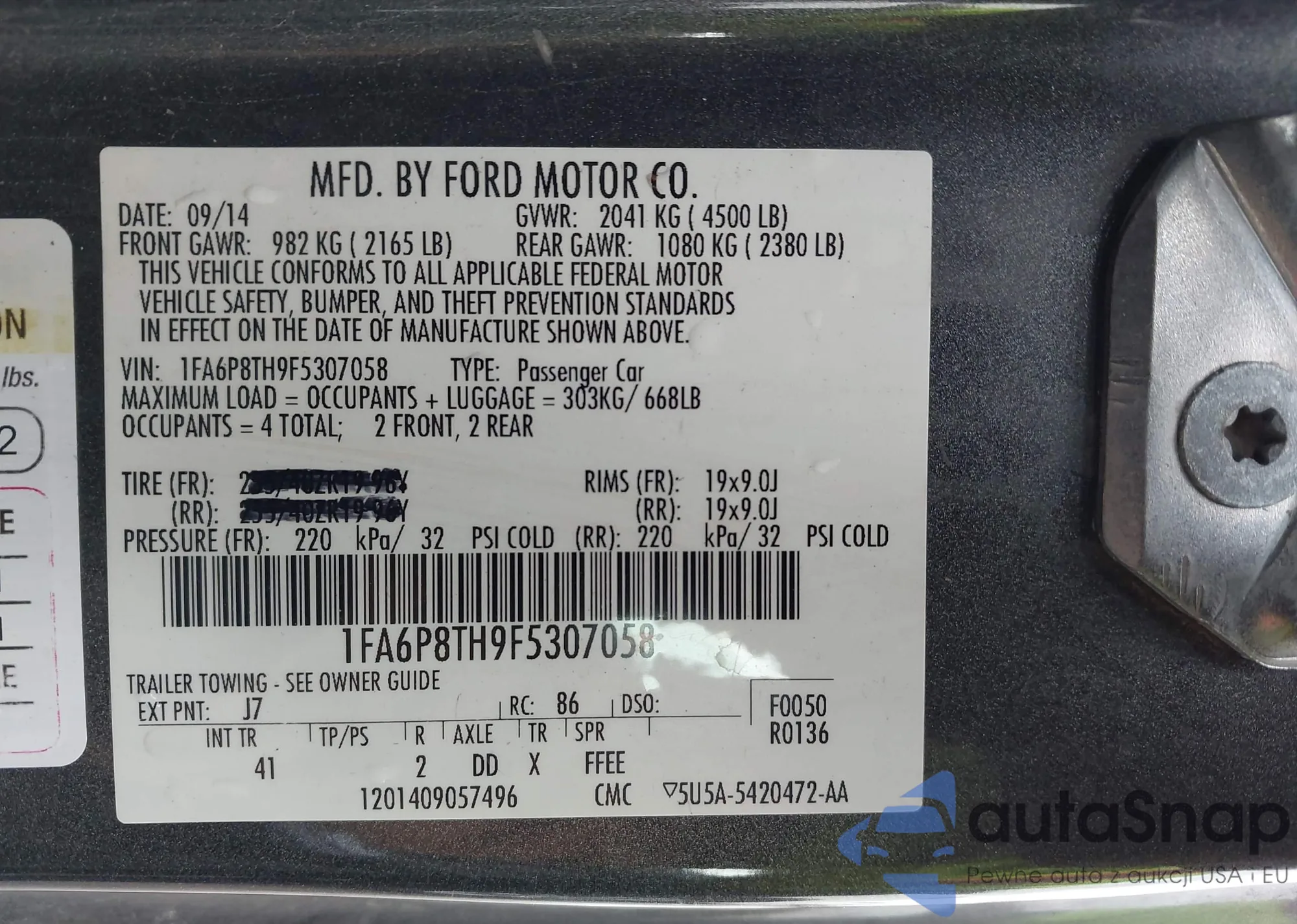 • VIN: 1FA6P8TH9F5307058
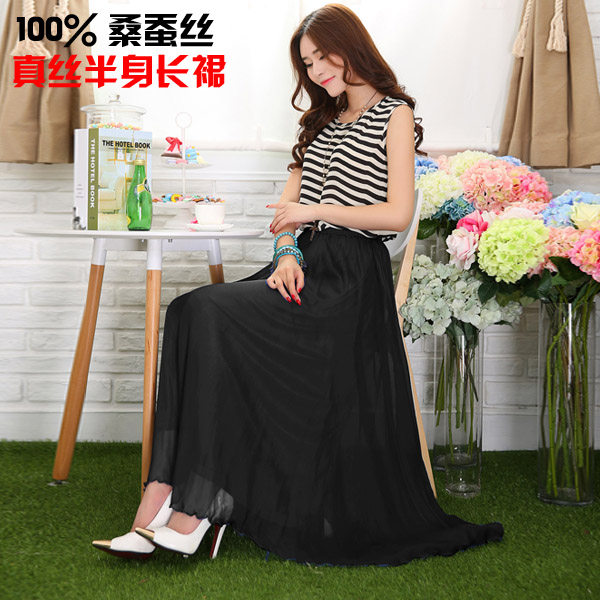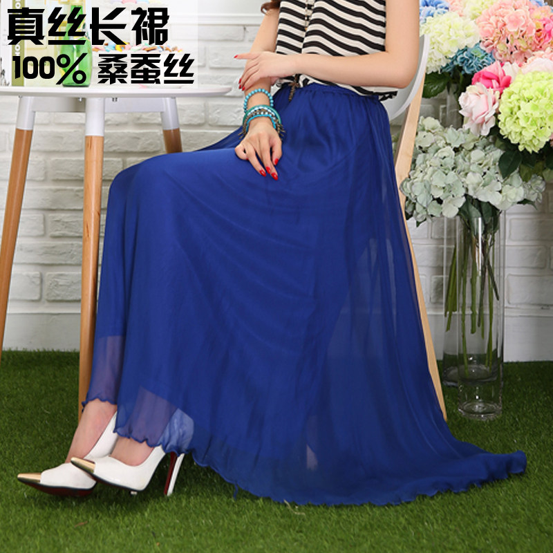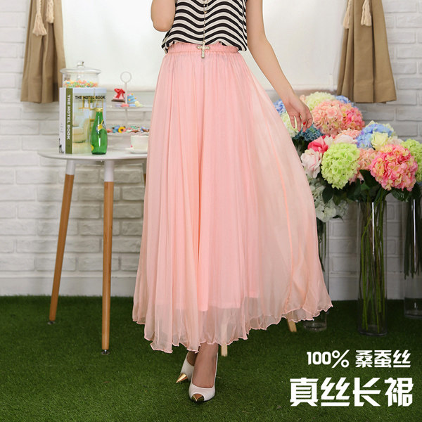 Multicolored smoke pink silk silk silk long skirt large swing skirt high waist woman summer dress clearing warehouse
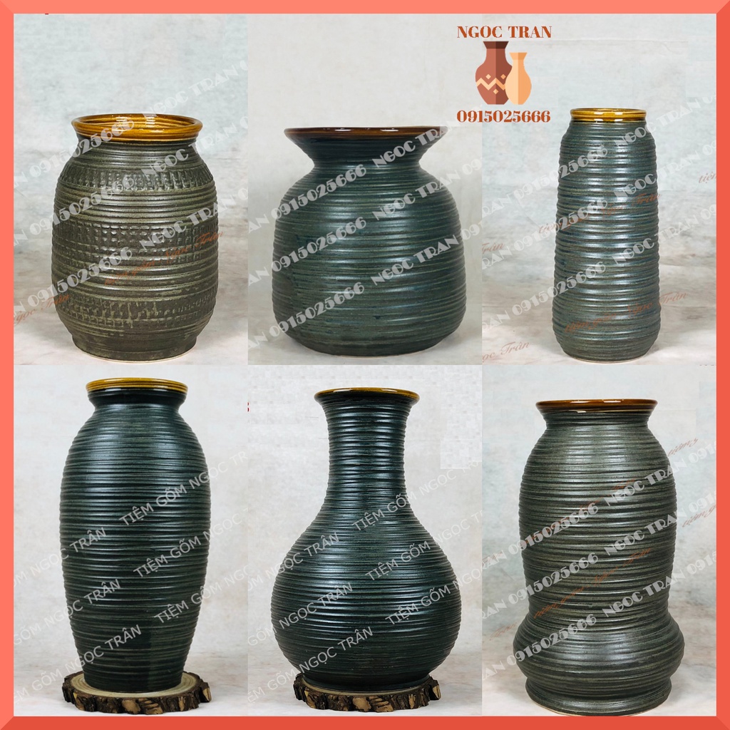 Giới thiệu Bình gốm ,lọ hoa men mộc xanh nhiều mẫu - gốm sứ Bát Tràng-tiệm gốm Ngọc Trân
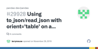 Using to_json/read_json with orient='table' on a DataFrame with a single level MultiIndex does not work · Issue #29928 · pandas-dev/pandas
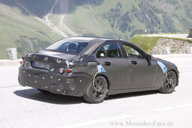 Der Prototyp der kommenden C-Klasse ist noch sehr stark getarnt. Beim Radstand scheint die C-Klasse ein paar Zintimeter zuzulegen.
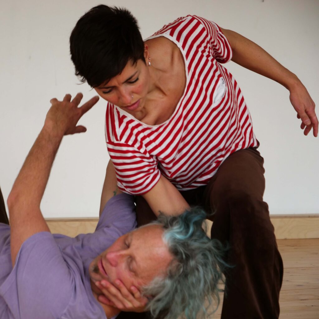 We deconstruct movement and contact into different subject of focus or curiosity: weight, balance and off-balance, proprioceptive sensing, skin/muscle/bone, speed, etc… how does each of these open up a new set of worlds with their own unique ineffable experiences. What is the specific pleasure of the pull of fascia? … of moving together at 1 foot per second? … of maximizing or minimizing surface area in contact? … of the interplay of imaginary worlds and mechanical exploration? How do we then articulate choice of awareness in biomechanical improvisation with other? Seemingly simple or basic invitations open up worlds of complexity.
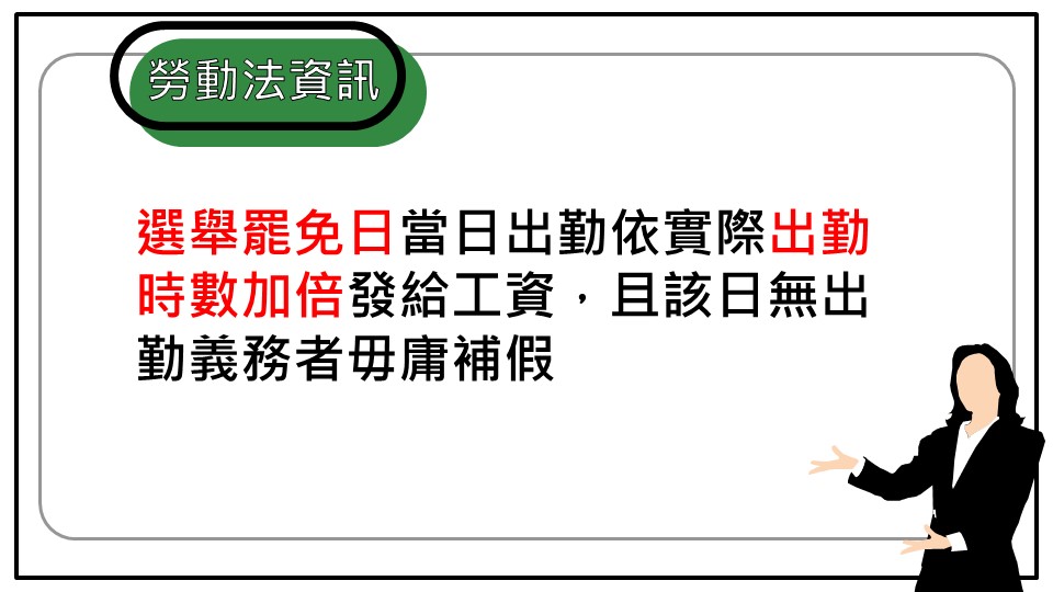 選舉罷免日當日出勤依實際出勤時數加倍發給工資,且該日無出勤義務者毋庸補假選舉罷免日當日出勤依實際出勤時數加倍發給工資,且該日無出勤義務者毋庸補假
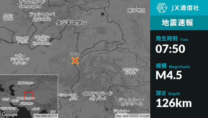 2月22日 07:50頃、アフガニスタンのAshkāshamから南南西41kmの地点でM4.5の地震がありました。
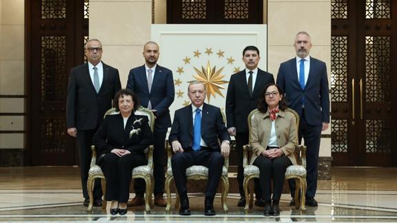Büyükelçilik mensupları ve aile fertlerini takdim eden büyükelçiler, Cumhurbaşkanı Erdoğan ile hatıra fotoğrafı çektirdi.
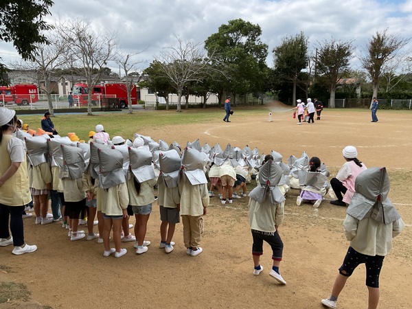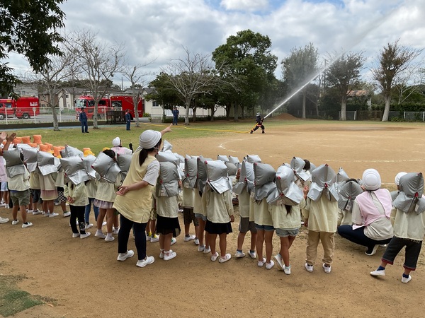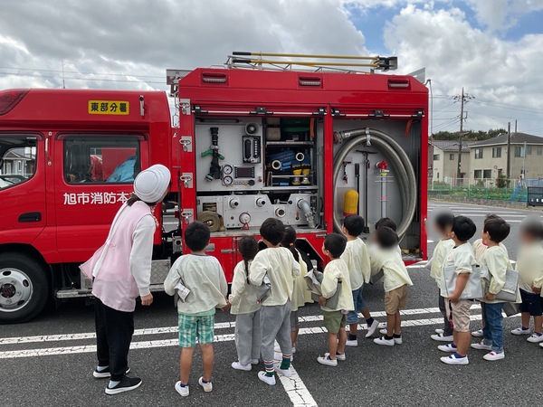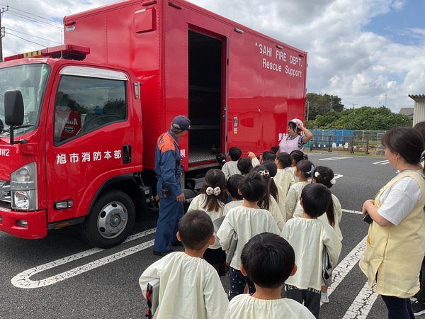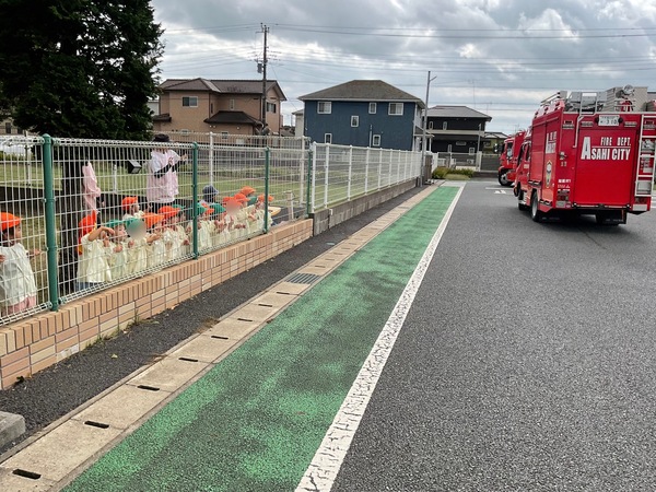 保育園では、地震や火事を想定した避難訓練を毎月、不審者対応の防犯訓練を年2回行っています。 今月の避難訓練は消防署の方に来ていただき、防災訓練として行いました。 想定は給食室の火事。 防災頭巾を被り、速やかにグラウンドに避難することが出来ました。 避難後は職員による消火訓練を行いました。「がんばれー!」と子ども達が応援してくれました。 そした、消防署の方が放水を見せてくれました。間近での放水に「おー!!」と嬉しそうな子ども達。カッコイイ消防士さんの姿に消防士になりたい!と思った子もいるかもしれませんね。 最後には消防車の見学もさせていただきました。今日は資機材搬送車という中々出動しない車両も来ていて、興味津々の子ども達でした。 消防車が帰るときに外で遊んでいた子ども達が皆フェンス沿いに集まり、釘付けな姿も可愛かったです♪ 何も起こらないことが1番ですが、もしもの為にしっかりと訓練を行っています。 消防署の皆さん、ご協力をいただき、ありがとうございました! |
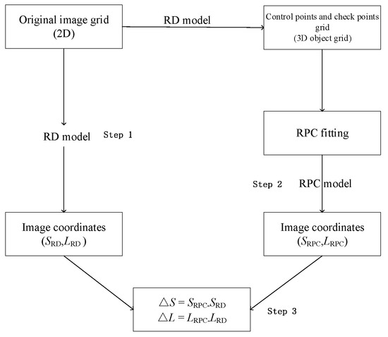 - Determination of an image grid and establishment of a 3D object grid of points using the RD model;
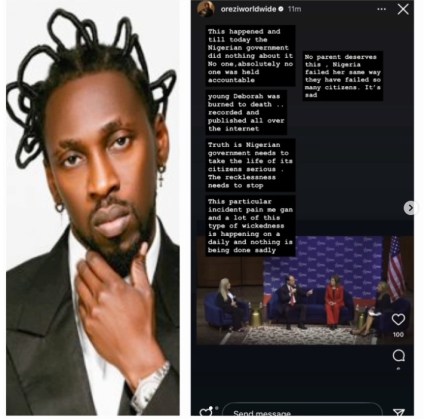 Singer Orezi has reacts to U.S. President Donald Trump’s  warning to Nigeria over alleged Christian persecution, linking it to the brutal k!lling of Deborah Samuel
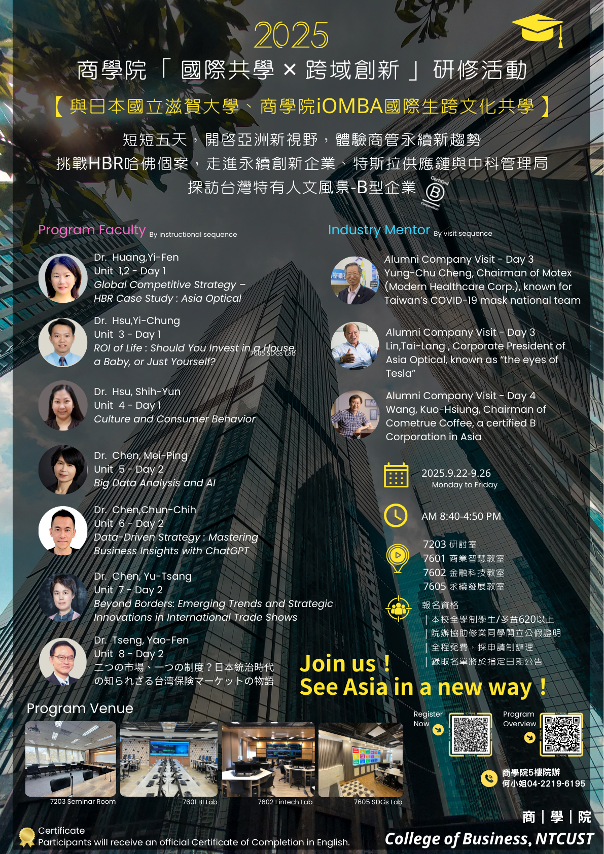 Open to NTCUST COB students (TOEIC 620+), iOMBA students, and Shiga University grad students
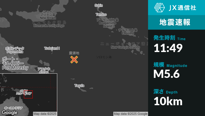 | 震源地 | パプアニューギニアのSamaraiから北東290kmの地点 |
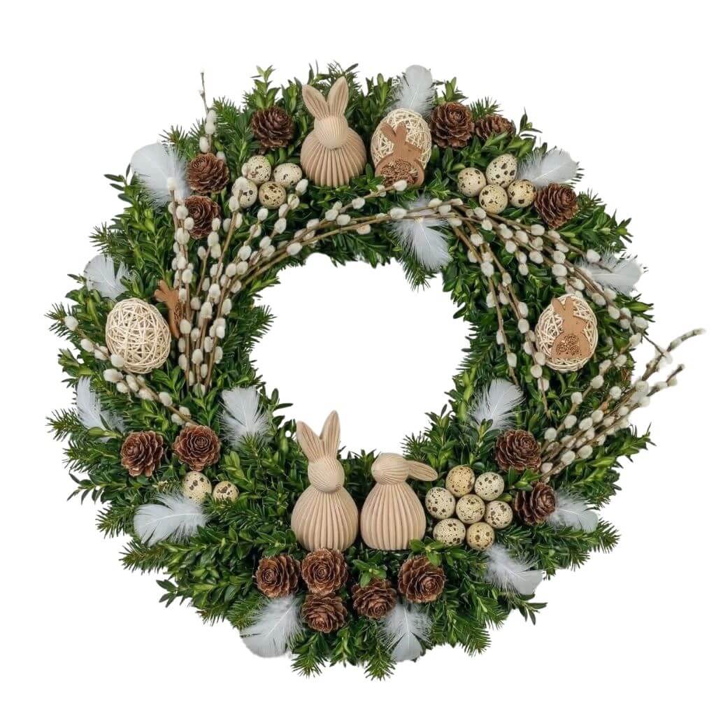 Prezentowany produkt został wykonany w formie okrągłego wianka wielkanocnego na grób, który dobrze prezentuje się jako samodzielna dekoracja sezonowa. Kompozycję tworzą sztuczna zieleń, bazie, dekoracyjne jajeczka, zajączki, piórka oraz szyszki, dzięki czemu całość zyskuje naturalny, wiosenny i świąteczny charakter. Zestawienie zieleni, bieli, beżu i brązu sprawia, że dekoracja wygląda elegancko, spokojnie i estetycznie.
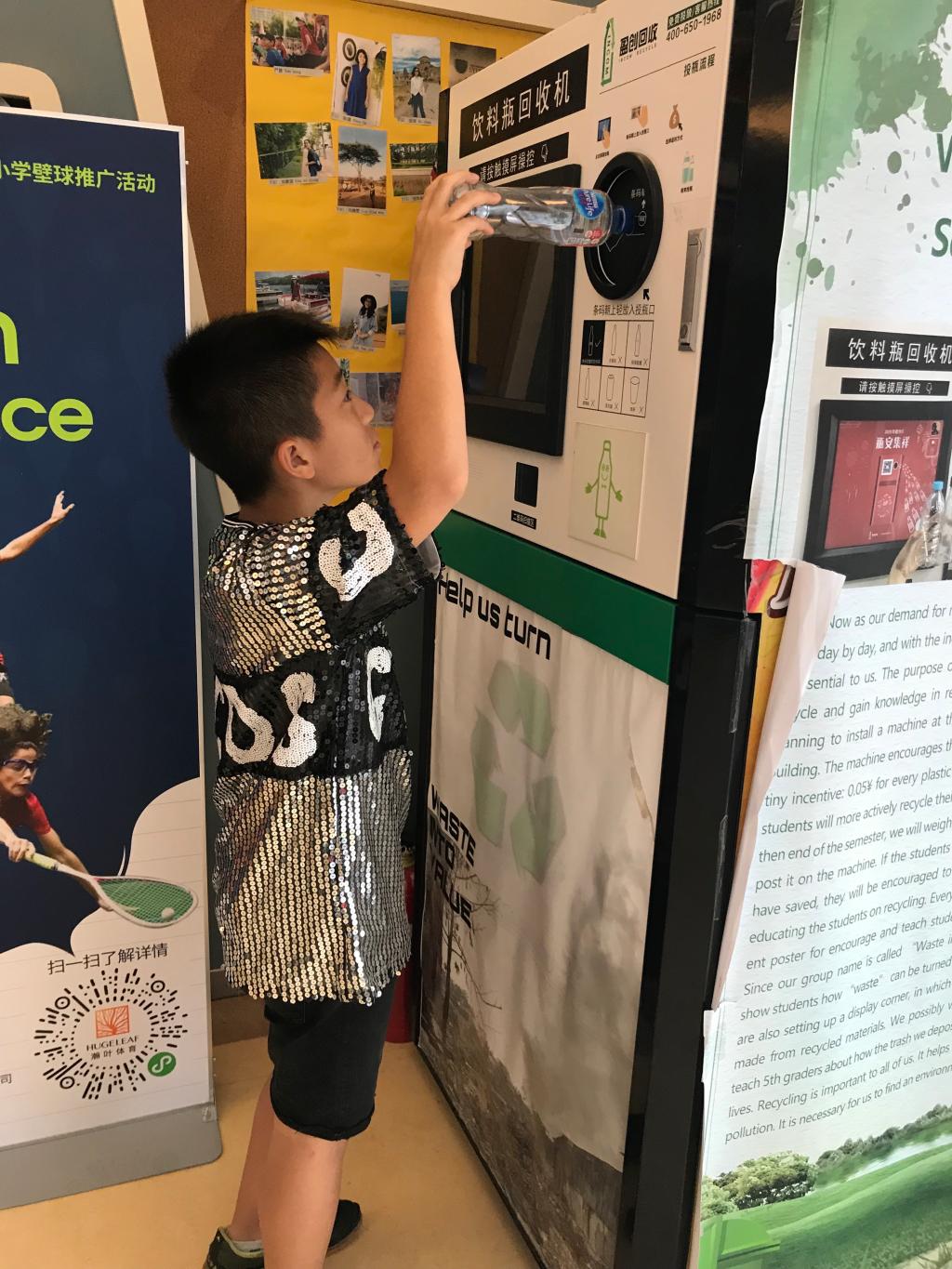 Because of this recycling activity, the 5th graders tried their best to recycle. Every day during recess, students can go to the machine and put in bottles that they’ve collected. During the Labor Day holiday, my neighbors and I took about 6 big bags and started collecting bottles that were on the on the ground. We even collected bottles from the garbage bins. When I counted the bottles, I found that I had already collected 74 bottles! One fifth grader even collected 323 bottles! How amazing!
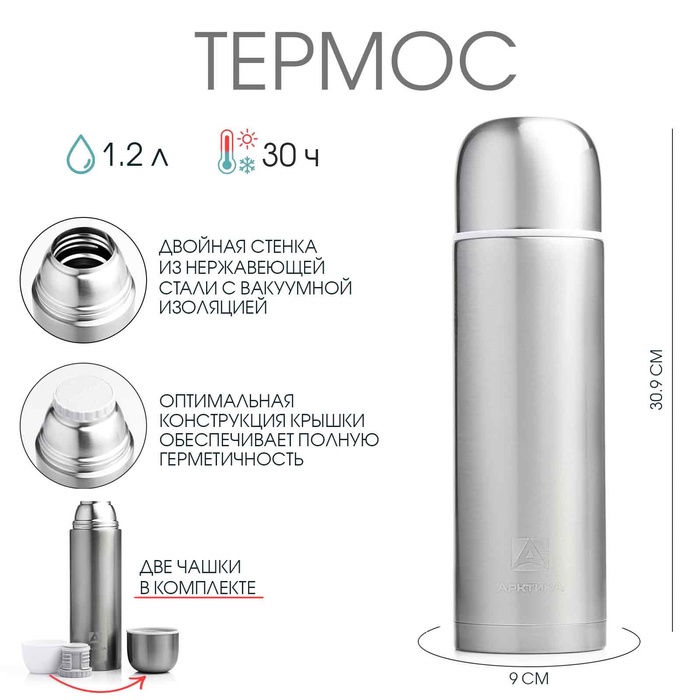 Вакуумный термос для чая "Арктика" с лаковым покрытием, в котором удобно заваривать чай, травяные сборы. Имеет 2 кружки
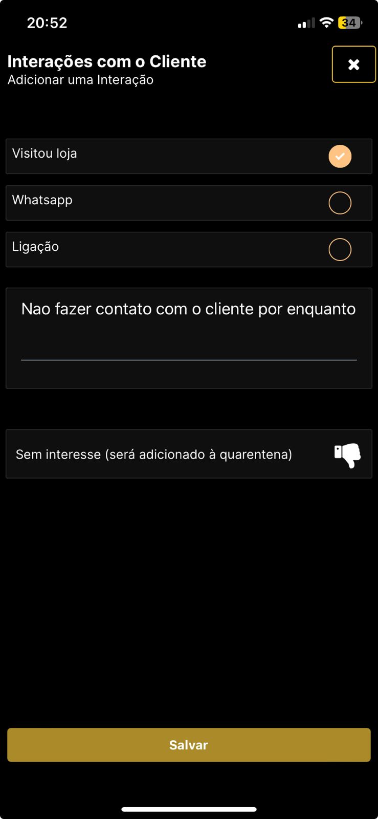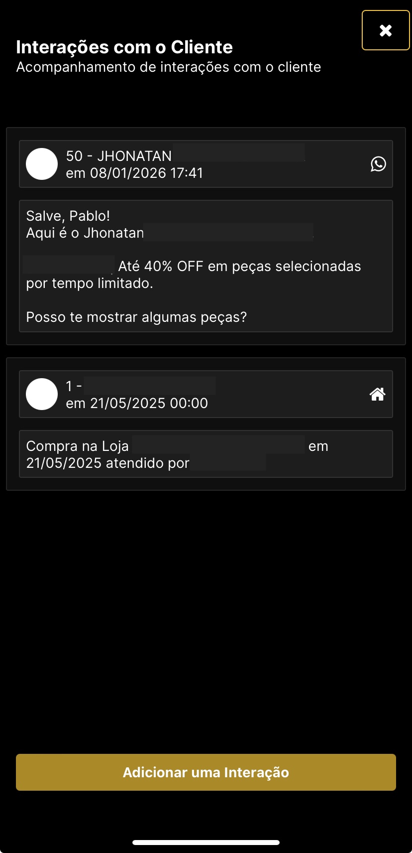 Também é possível adicionar novas interações manualmente, enriquecendo o histórico do relacionamento.

## [Activity]
Leaving all pictures out, output exactly the lines of the material above from the line with "- Determination of" to the line with "震源地 | パプアニューギニアのSamaraiから北東290kmの地点 |", both included.

## [Solution to this problem]
 - Determination of an image grid and establishment of a 3D object grid of points using the RD model;
 Singer Orezi has reacts to U.S. President Donald Trump’s  warning to Nigeria over alleged Christian persecution, linking it to the brutal k!lling of Deborah Samuel
 Open to NTCUST COB students (TOEIC 620+), iOMBA students, and Shiga University grad students
 | 震源地 | パプアニューギニアのSamaraiから北東290kmの地点 |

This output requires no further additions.